**Activity**
Images are to be excluded, and the rest of the data repeated exactly.

**Raw data**
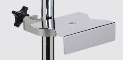
IV-46 Pump Tray Support
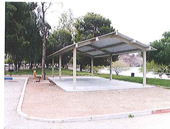
Alamo Lake State Park Group Ramada
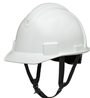
Chin Strap NSB100CS
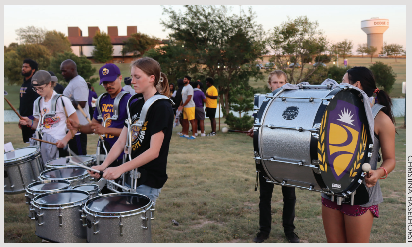
Members of the DC3 Pep Band perform during the bonfire and pep rally on Sept. 29.

**Answer for the task**
IV-46 Pump Tray Support
Alamo Lake State Park Group Ramada
Chin Strap NSB100CS
Members of the DC3 Pep Band perform during the bonfire and pep rally on Sept. 29.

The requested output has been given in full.